La réplica de J. C. de la Puente al artículo de Carmen McEvoy permite abrir la discusión a una serie de temas que merecerían debatirse más ampliamente, en encuentros académicos o en la prensa.
De la Puente subraya la necesidad de explicar el rol que le cupo a Unanue, y a los de clase, “en la forja del Perú de injusticias y desigualdades del siglo XIX”. La mirada crítica desde la historia que reclama De la Puente es importante. Relatos desde el poder que exalten las virtudes republicanas de personajes que se baten en la conquista de derechos cívicos (libertad de expresión, derechos de propiedad, de reunión, etc.) no alcanzan. T. H. Marshall advierte que los derechos civiles conviven con las amargas exclusiones y condiciones laborales del capitalismo inglés del siglo XIX. Las luchas por los derechos sociales son las que levantan alertas en el sistema de explotación de la fuerza de trabajo “libre” y de los derechos “ciudadanos” de disfrute individual.
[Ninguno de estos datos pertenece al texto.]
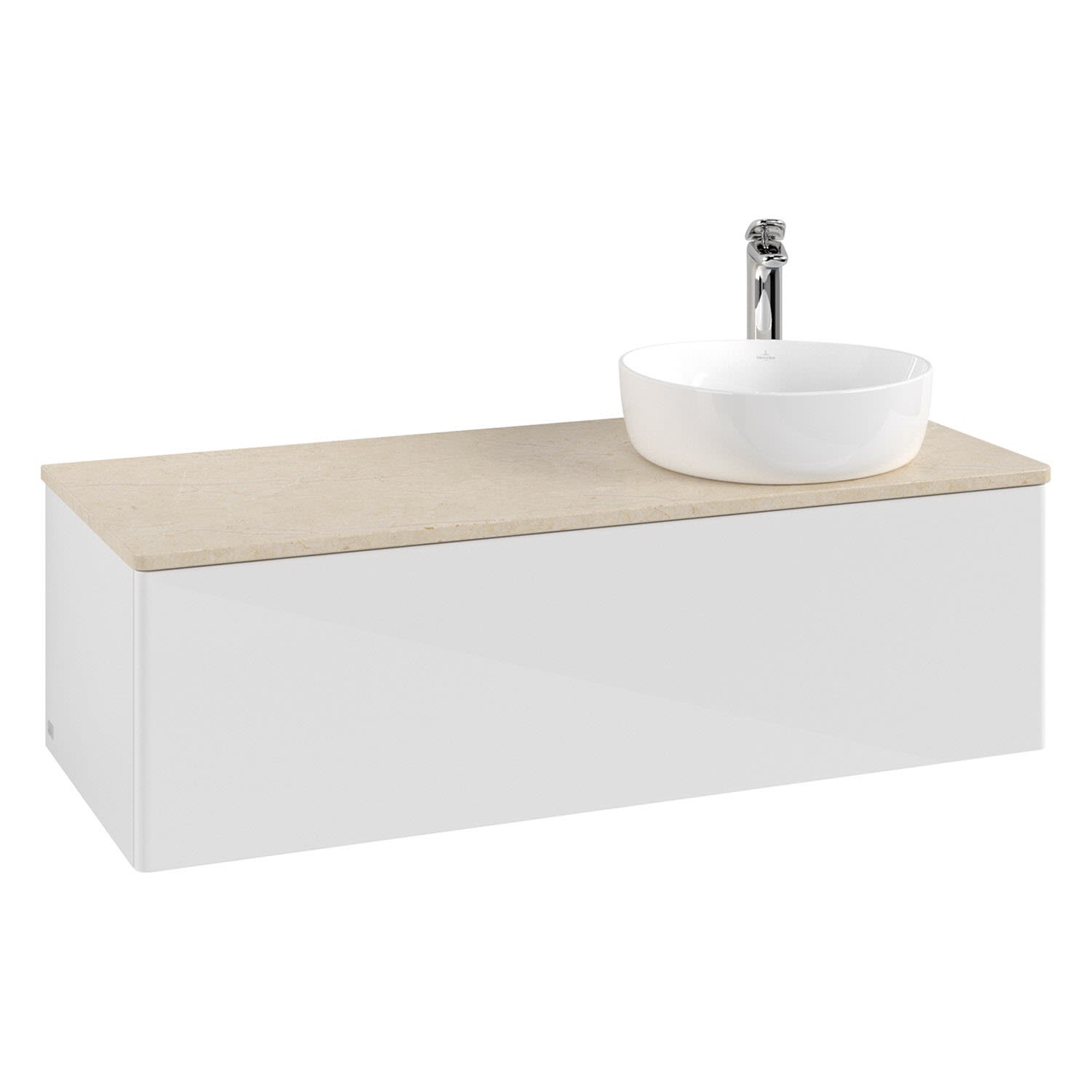 Villeroy & Boch Antao Waschbeckenunterschrank, 120 x 36 cm, 1 Auszug mit LED-Licht, Front ohne Struktur, mit Hahnloch, für Waschtisch rechts

Así, enarbolar la lucha por la libertad de asociación sindical, por el límite de edad en las minas –excluyendo a niños– despierta los despidos de la patronal, la represión de las fuerzas de seguridad y expone las resistencias del ‘establishment’ ante cualquier “traba” al proceso de acumulación del capital.
Dejo este punto amplísimo para comentar la figura de Hipólito Unanue descrita por De la Puente: el prócer, pensador, colaborador del “Mercurio Peruano” y el propietario de esclavos en su hacienda. Como no soy historiadora sino socióloga, diré algo sobre la esclavitud en su tiempo (principios del siglo XIX). En Europa, la lucha por las libertades ciudadanas alcanzaba al hombre blanco. Pugnaba por cambiar las leyes europeas, donde la libertad era una condición, por lo general, transmitida por “sangre” (a los criollos y, en el límite, a mulatos). En las Américas, la esclavitud era la moneda común en las repúblicas y colonias, con excepciones (Chile y México). Y Haití, república de exesclavos negros.
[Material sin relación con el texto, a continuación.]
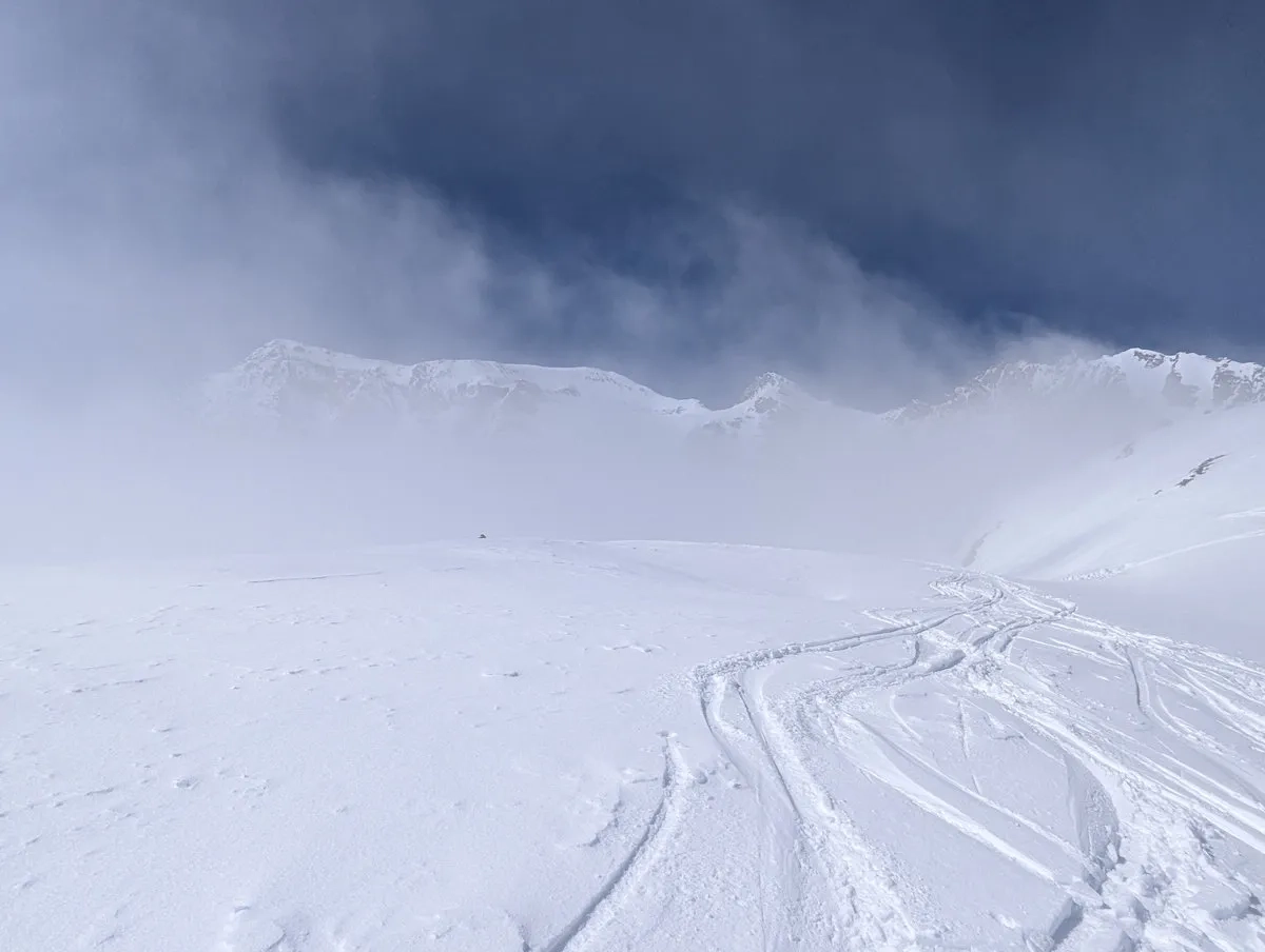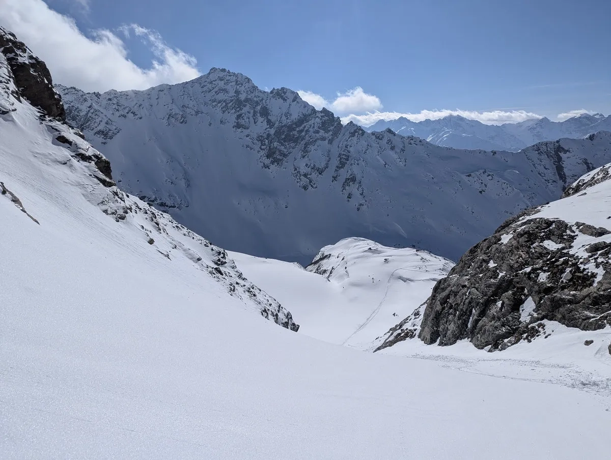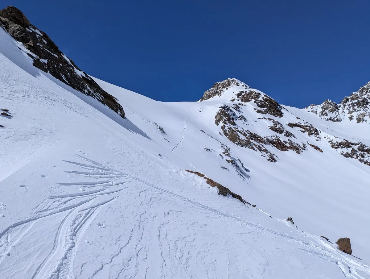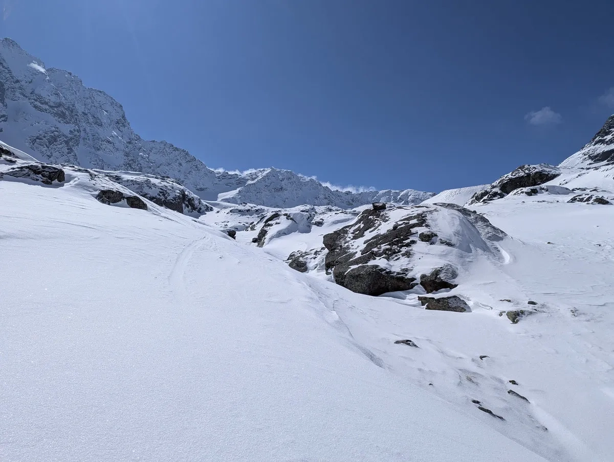 - Dort gleitet man rund 200 Höhenmeter sanft bergab und passiert links einen Eisbruch. Anschließend scharf nach links in eine breite Rinne und weiter Richtung Westen, ehe man rechts vom Grasstallsee den Blick ins Grastal öffnet. Ab hier meist logisch und hoffentlich elegant ins Tal abfahren.

Las potencias europeas, Estados Unidos y Brasil no van a reconocer la libertad de los esclavos sino después de la muerte de Unanue (1833). En definitiva, la esclavitud era un escenario tristemente “normalizado” en vida del viejo Unanue. Lo que no quiere decir que no se levantaran voces de denuncia, pero estaban lejos de ser voces de consenso.
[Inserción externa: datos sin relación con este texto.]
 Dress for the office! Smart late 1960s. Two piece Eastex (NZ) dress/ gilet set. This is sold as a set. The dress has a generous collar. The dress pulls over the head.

Hacia la década de 1850, el escenario cambia notablemente. José Unanue, el hijo que infló el monto de indemnización por sus esclavos, ya convive con las ideas abolicionistas y con las del statu quo. Pese a ello, hasta 1850, en EE.UU., diez de los doce presidentes fueron propietarios de esclavos (las excepciones: John Adams y John Quincy Adams). Habrá que esperar a finales de la década para que los ciudadanos en el norte –donde el sentimiento antiesclavista era, asimismo, proclive a sentimientos racistas contra los negros– acepten gradualmente la causa abolicionista en toda la Unión. Nótese que Lincoln antes de la guerra se oponía a la esclavitud, pero no abrazaba la causa abolicionista que, pensaba, acrecentaría los “males” del país. Se menciona el paseo de Unanue y O’Higgins –otro propietario de esclavos–, en 1820. Pues bien, Lincoln mantenía relaciones afectuosas con su suegro y familia política, los Todd, propietarios y comerciantes de esclavos en Kentucky. En 1847, Lincoln visita y permanece tres semanas con ellos y “sus” esclavos. Así pues, ambos mundos, el esclavista y el otro, no necesariamente abolicionista pero donde no había esclavos, convivían en la época. Muchas veces en términos “amables” para los paseantes, distanciados de sus tristísimos entornos.
La mentalidad que concibe un mundo sin esclavos se forja con los siglos, desde el esclavo “criatura de Dios”, que merece un trato “misericordioso” en el XVI, hasta la representación de ese sujeto como “hombre libre”, a mediados del XIX, pero que no es la de un “ciudadano” pleno. Para esto habrá que esperar al siglo XX.
Volviendo a la figura de Unanue, sería bueno distinguir entre estas dos generaciones, la de 1820 y la de 1850, entre el padre y el hijo. Porque esa distancia temporal es significativa en la forja de las ideas sobre la esclavitud y el abolicionismo en las Américas.
El bicentenario puede dar pie a una reflexión sobre nuestros relatos que se construyen desde el poder y los otros, desde los márgenes. Y, eventualmente, abrir la discusión para mirar con sentido crítico esas “entrañables” representaciones épicas de nuestros héroes-estatua, lo que nos permitiría, eventualmente, perfilar a los próceres con sus hondas “contradicciones” humanas y de clase como sostienen los dos historiadores en sus diferentes textos y desde diferentes enfoques. Vinculando –y no retirando– esas figuras históricas con los mecanismos del tiempo en que vivieron.